[Stored items from a collection]
************
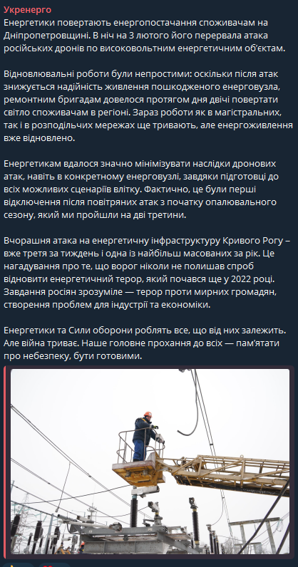 По данным компании, ремонтные работы после удара "Шахедов" в ночь на 3 февраля ещё продолжаются.
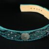 Les finitions sont soignées : boucle, attache, passant et clous décoratifs sont en métal nickelé, résistants et modernes. Des disques de décoration en métal argenté ajoutent une touche de sophistication supplémentaire. Entièrement cousu main selon la technique du point sellier, ce collier est aussi solide qu’élégant.
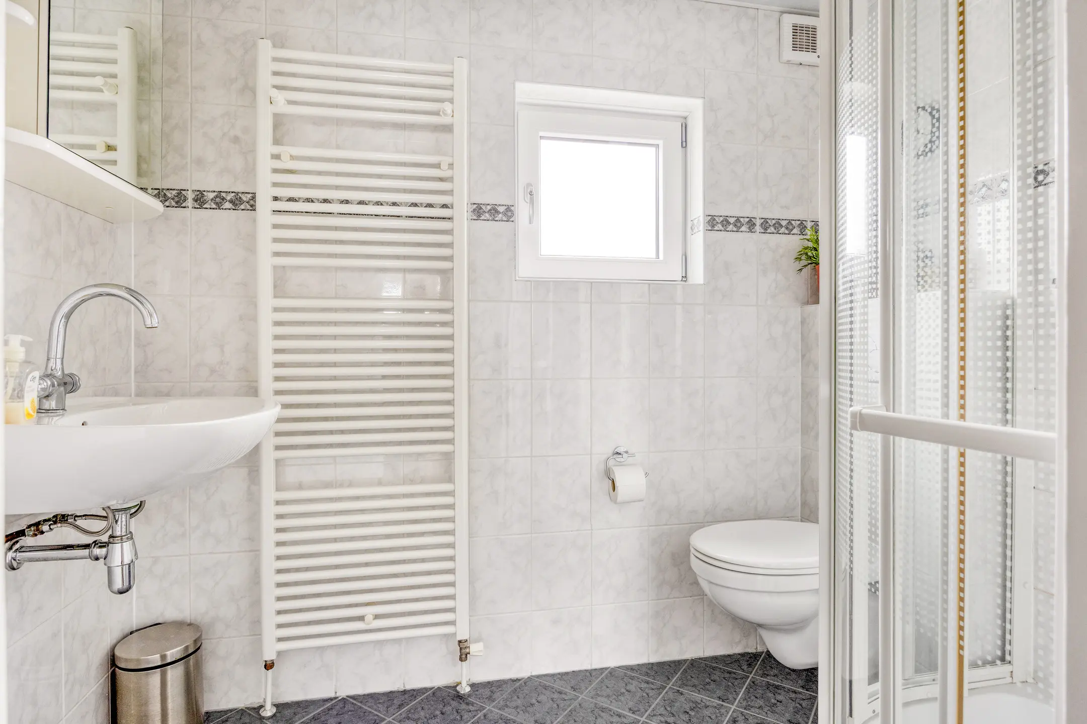 • Badkamer met toilet en douche op de eerste verdieping – praktisch in het dagelijks gebruik voor gezin en logees.
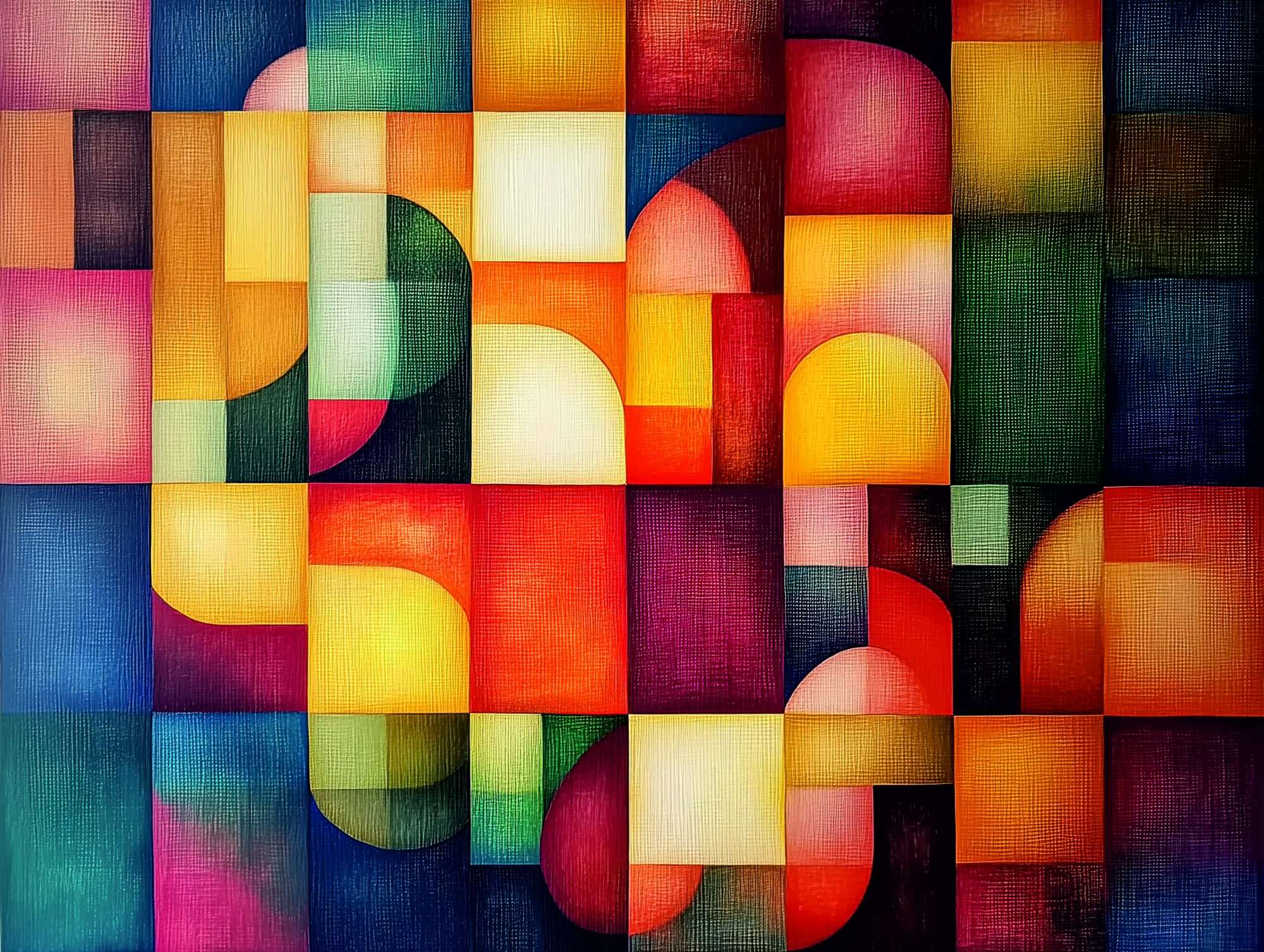 Dit fotobehang toont een abstract patroon opgebouwd uit geometrische vormen die samen een kleurrijk raster vormen. De compositie bestaat uit verschillende rechthoeken, halve cirkels en afgeronde vormen die strak tegen elkaar zijn geplaatst.
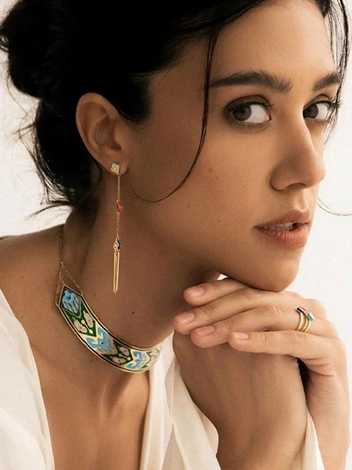 Эта модель имеет длинный декоративный элемент, который свисает от мочки уха. Например, это могут быть перо, цепочка, линия из драгоценных камней, геометрические фигуры, которые образуют вытянутую деталь. Например, культовый модный дом Schiaparelli в весенне-летней коллекции 2025 представил украшения в виде замочной скважины, ракушек и даже скелета рыбы. Предлагаем в этом сезоне повторить трендовую стилизацию: в одну мочку ставьте моносерьгу в виде подвески, а на другую наденьте классическую пусету — таким образом сделайте лаконичный акцент в аутфите.
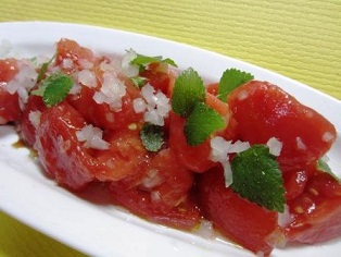 4)トマトと玉ネギを器に盛り、Aをかけて冷やす。
************
* [Exercise] Please transcribe exactly the lines from the one containing "Dit fotobehang toont" through the last line of the records above, both included, and leave out every picture.

* [Exercise output]
 Dit fotobehang toont een abstract patroon opgebouwd uit geometrische vormen die samen een kleurrijk raster vormen. De compositie bestaat uit verschillende rechthoeken, halve cirkels en afgeronde vormen die strak tegen elkaar zijn geplaatst.
 Эта модель имеет длинный декоративный элемент, который свисает от мочки уха. Например, это могут быть перо, цепочка, линия из драгоценных камней, геометрические фигуры, которые образуют вытянутую деталь. Например, культовый модный дом Schiaparelli в весенне-летней коллекции 2025 представил украшения в виде замочной скважины, ракушек и даже скелета рыбы. Предлагаем в этом сезоне повторить трендовую стилизацию: в одну мочку ставьте моносерьгу в виде подвески, а на другую наденьте классическую пусету — таким образом сделайте лаконичный акцент в аутфите.
 4)トマトと玉ネギを器に盛り、Aをかけて冷やす。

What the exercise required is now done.